::: STORED DATA

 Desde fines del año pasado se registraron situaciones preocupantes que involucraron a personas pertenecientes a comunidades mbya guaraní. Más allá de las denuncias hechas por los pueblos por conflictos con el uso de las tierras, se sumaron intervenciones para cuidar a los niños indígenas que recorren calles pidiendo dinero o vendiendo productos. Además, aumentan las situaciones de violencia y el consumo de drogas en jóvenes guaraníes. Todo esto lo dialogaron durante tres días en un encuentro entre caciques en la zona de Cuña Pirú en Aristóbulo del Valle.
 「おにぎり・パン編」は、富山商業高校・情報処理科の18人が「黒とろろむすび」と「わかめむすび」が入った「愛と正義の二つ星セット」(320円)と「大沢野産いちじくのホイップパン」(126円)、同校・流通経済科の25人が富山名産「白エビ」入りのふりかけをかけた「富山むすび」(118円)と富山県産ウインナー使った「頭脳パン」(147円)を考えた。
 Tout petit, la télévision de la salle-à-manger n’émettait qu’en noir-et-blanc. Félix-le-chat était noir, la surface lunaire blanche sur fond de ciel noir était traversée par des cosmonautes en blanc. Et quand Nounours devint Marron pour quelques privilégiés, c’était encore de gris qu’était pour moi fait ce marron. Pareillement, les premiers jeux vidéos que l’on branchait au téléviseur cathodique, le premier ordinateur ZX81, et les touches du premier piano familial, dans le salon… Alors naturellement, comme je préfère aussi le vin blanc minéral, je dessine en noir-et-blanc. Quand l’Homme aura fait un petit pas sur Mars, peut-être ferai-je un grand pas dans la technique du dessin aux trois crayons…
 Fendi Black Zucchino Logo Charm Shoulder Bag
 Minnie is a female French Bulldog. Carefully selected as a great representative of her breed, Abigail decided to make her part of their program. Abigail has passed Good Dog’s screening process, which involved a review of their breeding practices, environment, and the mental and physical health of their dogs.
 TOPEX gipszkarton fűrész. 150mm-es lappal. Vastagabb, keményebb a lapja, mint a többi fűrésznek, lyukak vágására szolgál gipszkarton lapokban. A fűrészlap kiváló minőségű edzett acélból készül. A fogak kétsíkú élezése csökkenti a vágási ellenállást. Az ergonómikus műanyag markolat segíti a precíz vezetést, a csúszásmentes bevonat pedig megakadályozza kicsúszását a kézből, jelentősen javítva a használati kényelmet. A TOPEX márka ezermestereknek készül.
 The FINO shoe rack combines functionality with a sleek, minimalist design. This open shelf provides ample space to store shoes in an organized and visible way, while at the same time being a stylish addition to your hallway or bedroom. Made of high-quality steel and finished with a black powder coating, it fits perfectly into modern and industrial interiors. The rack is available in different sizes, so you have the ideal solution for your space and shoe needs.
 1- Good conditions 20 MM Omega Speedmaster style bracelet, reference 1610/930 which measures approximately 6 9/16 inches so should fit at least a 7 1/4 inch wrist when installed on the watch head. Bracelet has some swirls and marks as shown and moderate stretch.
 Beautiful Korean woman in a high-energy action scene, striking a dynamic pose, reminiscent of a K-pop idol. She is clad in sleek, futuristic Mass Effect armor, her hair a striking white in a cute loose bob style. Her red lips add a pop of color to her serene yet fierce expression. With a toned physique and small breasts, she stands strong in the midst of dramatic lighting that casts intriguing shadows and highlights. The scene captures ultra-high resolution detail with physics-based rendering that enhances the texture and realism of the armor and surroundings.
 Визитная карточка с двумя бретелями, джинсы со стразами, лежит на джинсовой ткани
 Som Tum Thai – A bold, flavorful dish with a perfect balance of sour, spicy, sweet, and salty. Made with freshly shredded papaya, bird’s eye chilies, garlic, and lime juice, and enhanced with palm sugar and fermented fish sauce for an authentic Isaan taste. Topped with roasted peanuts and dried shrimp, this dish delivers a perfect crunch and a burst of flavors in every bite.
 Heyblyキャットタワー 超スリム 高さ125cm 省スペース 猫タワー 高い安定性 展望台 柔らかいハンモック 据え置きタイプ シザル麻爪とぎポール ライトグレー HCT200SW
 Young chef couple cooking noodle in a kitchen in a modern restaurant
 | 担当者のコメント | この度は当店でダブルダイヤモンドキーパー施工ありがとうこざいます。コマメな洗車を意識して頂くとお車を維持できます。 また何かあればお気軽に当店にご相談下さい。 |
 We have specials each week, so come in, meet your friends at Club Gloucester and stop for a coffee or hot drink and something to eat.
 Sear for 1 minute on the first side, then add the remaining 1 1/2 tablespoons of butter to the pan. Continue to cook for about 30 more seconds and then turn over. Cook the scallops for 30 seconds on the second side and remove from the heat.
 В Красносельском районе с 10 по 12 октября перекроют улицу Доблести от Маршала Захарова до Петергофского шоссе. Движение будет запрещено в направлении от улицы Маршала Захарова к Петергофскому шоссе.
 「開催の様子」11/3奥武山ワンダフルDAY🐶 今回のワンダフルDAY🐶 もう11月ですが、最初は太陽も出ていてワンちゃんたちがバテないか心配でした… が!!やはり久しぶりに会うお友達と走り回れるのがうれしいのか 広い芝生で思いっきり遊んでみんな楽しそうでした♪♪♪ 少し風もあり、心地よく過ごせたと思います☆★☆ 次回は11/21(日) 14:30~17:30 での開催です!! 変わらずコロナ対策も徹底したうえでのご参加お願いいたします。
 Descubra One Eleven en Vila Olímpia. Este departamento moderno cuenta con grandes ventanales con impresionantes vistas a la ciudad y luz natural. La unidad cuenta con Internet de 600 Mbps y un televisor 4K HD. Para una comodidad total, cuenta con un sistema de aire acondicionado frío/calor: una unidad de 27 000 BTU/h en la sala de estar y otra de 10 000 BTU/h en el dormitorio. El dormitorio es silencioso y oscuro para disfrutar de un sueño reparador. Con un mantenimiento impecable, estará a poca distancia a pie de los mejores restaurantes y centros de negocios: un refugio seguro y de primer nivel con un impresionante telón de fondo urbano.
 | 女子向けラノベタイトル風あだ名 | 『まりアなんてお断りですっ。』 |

::::::

> [EXERCISE DETAILS]
Of the lines above, show those in which "with" appears.

> [EXERCISE OUTPUT]
 The FINO shoe rack combines functionality with a sleek, minimalist design. This open shelf provides ample space to store shoes in an organized and visible way, while at the same time being a stylish addition to your hallway or bedroom. Made of high-quality steel and finished with a black powder coating, it fits perfectly into modern and industrial interiors. The rack is available in different sizes, so you have the ideal solution for your space and shoe needs.
 Beautiful Korean woman in a high-energy action scene, striking a dynamic pose, reminiscent of a K-pop idol. She is clad in sleek, futuristic Mass Effect armor, her hair a striking white in a cute loose bob style. Her red lips add a pop of color to her serene yet fierce expression. With a toned physique and small breasts, she stands strong in the midst of dramatic lighting that casts intriguing shadows and highlights. The scene captures ultra-high resolution detail with physics-based rendering that enhances the texture and realism of the armor and surroundings.
 Som Tum Thai – A bold, flavorful dish with a perfect balance of sour, spicy, sweet, and salty. Made with freshly shredded papaya, bird’s eye chilies, garlic, and lime juice, and enhanced with palm sugar and fermented fish sauce for an authentic Isaan taste. Topped with roasted peanuts and dried shrimp, this dish delivers a perfect crunch and a burst of flavors in every bite.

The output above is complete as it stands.